Notable Examples, Visuals, and Takeaways

• The world’s topographic and climatic features have direct consequences for human history and activity (e.g., island arcs, calderas, and the distribution of resources).
• The day-to-day class experience blends science with stories and practical implications, from diving cautions to local culinary scenes—emphasizing that geoscience is connected to everyday life.
• Three core exam cues from the instructor:
  • Content repeated across multiple slides is likely to appear on exams.
  • Practice exams replicate last year’s format to help you prepare;
  • The rubric governs what’s expected for A-level performance.

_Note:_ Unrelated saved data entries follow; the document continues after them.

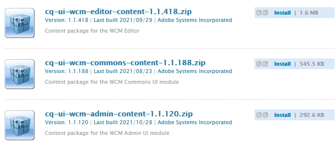 When I tried manually installing cq-ui-wcm-editor-content-1.1.418.zip, it threw an exception:
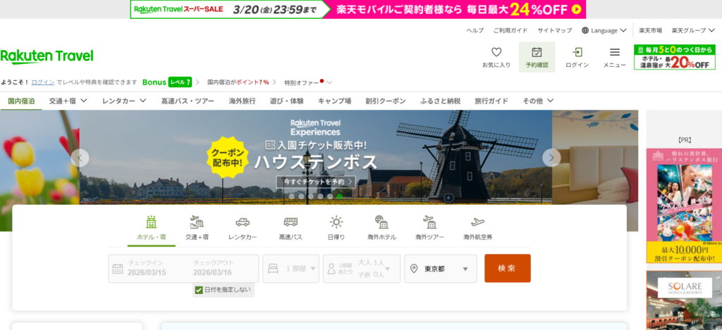 楽天トラベル28,000円〜オンライン予約ポイント還元
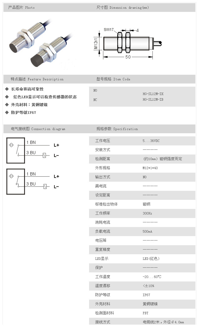 詳細信息 普通型磁性開關(guān) HG-SL12M-ZK,HG-SL12M-ZB,
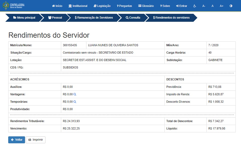 Salário da secretária Luana Rocha
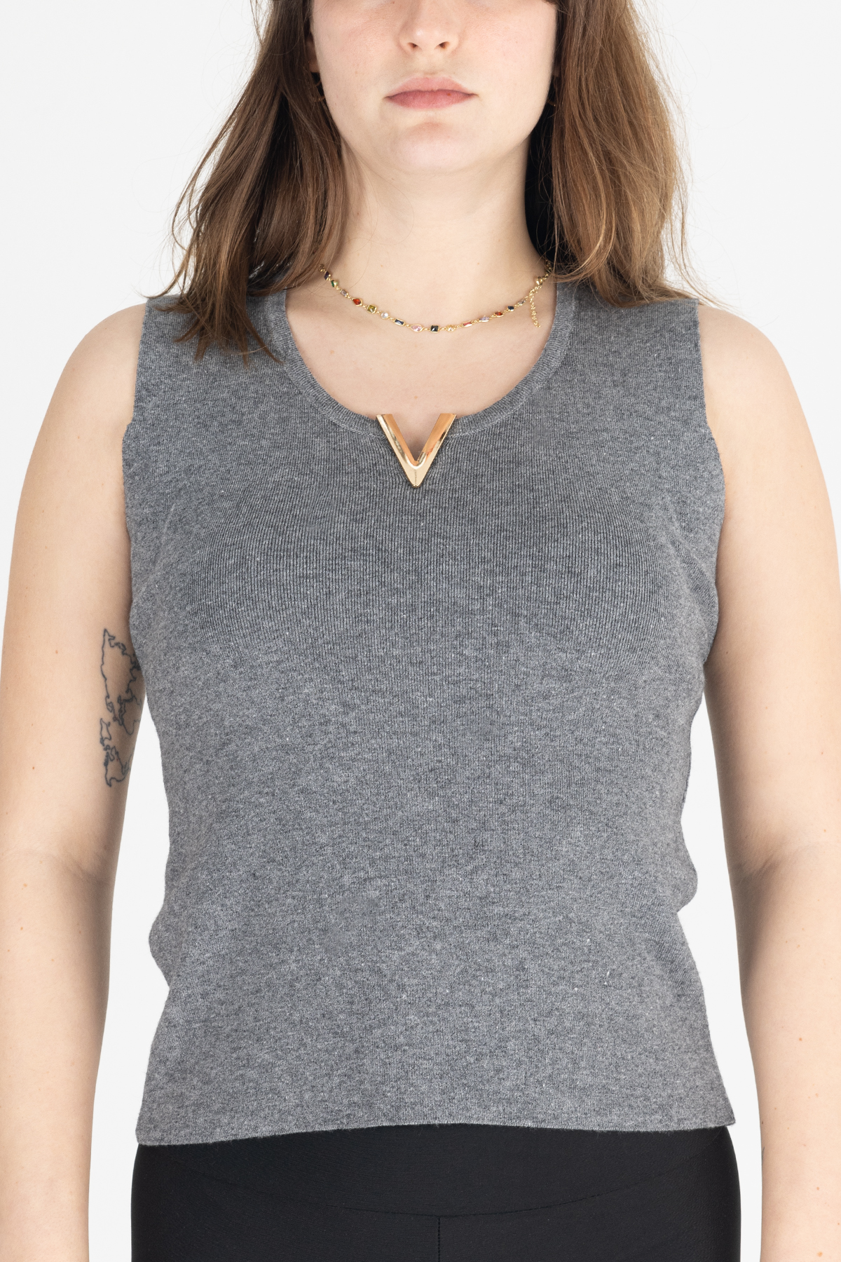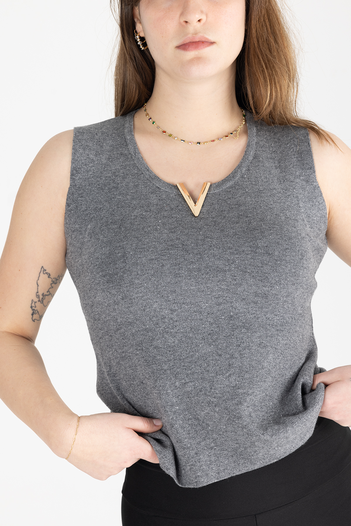 V yaka ve metalik aksesuar detayı

Quick Reference: Key Terms to Memorize

• Four volcanic settings: Subduction zones, Spreading centers, Hotspots, Continental rifting.
• Rock types and volcanic explosivity: Basalt, Andesite, Granite; basalt is typical of shield volcanism; andesite associated with explosive eruptions.
• Calderas: Large crater formed by collapse after magma chamber evacuation (e.g., Mount Mazama → Crater Lake).
• Major rivers and basins: Missouri, Mississippi, Nile, Amazon, Congo, Yangtze, Ganges, Brahmaputra, Indus, Columbia, Colorado.
• Major currents and their magnitudes: Gulf Stream, Circumpolar Current.
• Sea-level drivers: Ice on land, ocean temperature, basin geometry.
• Yellowstone hotspot: continental hotspot with long-lived magmatic activity and caldera-forming eruptions.
• Tonga eruption (2022): 50 km high plume, atmospheric pressure wave observed far away; significant tsunami and rapid depth changes in the eruption vicinity.
• Geoengineering concepts: sulfate aerosols, cloud whitening, climate intervention debates, and the “pottery barn rule.”

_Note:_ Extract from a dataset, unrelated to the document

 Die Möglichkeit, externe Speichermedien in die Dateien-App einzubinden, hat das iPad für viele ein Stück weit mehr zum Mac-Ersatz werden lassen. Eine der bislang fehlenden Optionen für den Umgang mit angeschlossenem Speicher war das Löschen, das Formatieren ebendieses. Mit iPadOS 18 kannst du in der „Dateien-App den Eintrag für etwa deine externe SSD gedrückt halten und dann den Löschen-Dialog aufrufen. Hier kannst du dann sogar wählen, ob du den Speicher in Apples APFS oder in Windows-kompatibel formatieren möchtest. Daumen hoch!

Summary of Exam-Relevant Concepts (Condensed)

• Plate tectonics explains hotspot tracks, island arc formation, and the distribution of volcanoes.
• Subduction zones create andesite-rich volcanism with potential explosive eruptions; ocean-continent subduction gives basalt+granite → andesite, ocean-ocean subduction yields basalt volcanism and island arcs.
• Hotspots produce linear chains of volcanoes as plates move; Hawaii is a classic example; plate motion can reorient features over millions of years (e.g., Aleutian to Japan Trench shift).
• Caldera formation is a major volcanic process with massive environmental and climatic implications (Yellowstone, Mt Mazama).
• The most impactful, long-term climate driver is ice on land; sea level changes are driven by ice volume, ocean temperature, and basin geometry; sea-level rise endangers low-lying coasts (e.g., Miami, New Orleans).
• Rivers transport sediment from headwaters to floodplains and deltas; major basins and their global roles shape nutrient delivery and coastal productivity.
• Current and historical events (e.g., 1993 Mississippi floods, 2022 Tonga eruption) illustrate risks and scale of natural systems.
• Geoengineering remains controversial due to potential unintended consequences on weather patterns, agriculture, and international stability; policy and ethics are central concerns.

Note

• This set of notes mirrors the transcript’s breadth, including logistics, anecdotes, and topic scaffolding. For exam preparation, focus on the four volcano settings, rock types and their volcanic outcomes, caldera formation, major global rivers and basins, key sea-level drivers, and the climate intervention discussion. Practice with the outlined exam cues (three repeats rule) and use the provided practice exams to build familiarity with the rubric.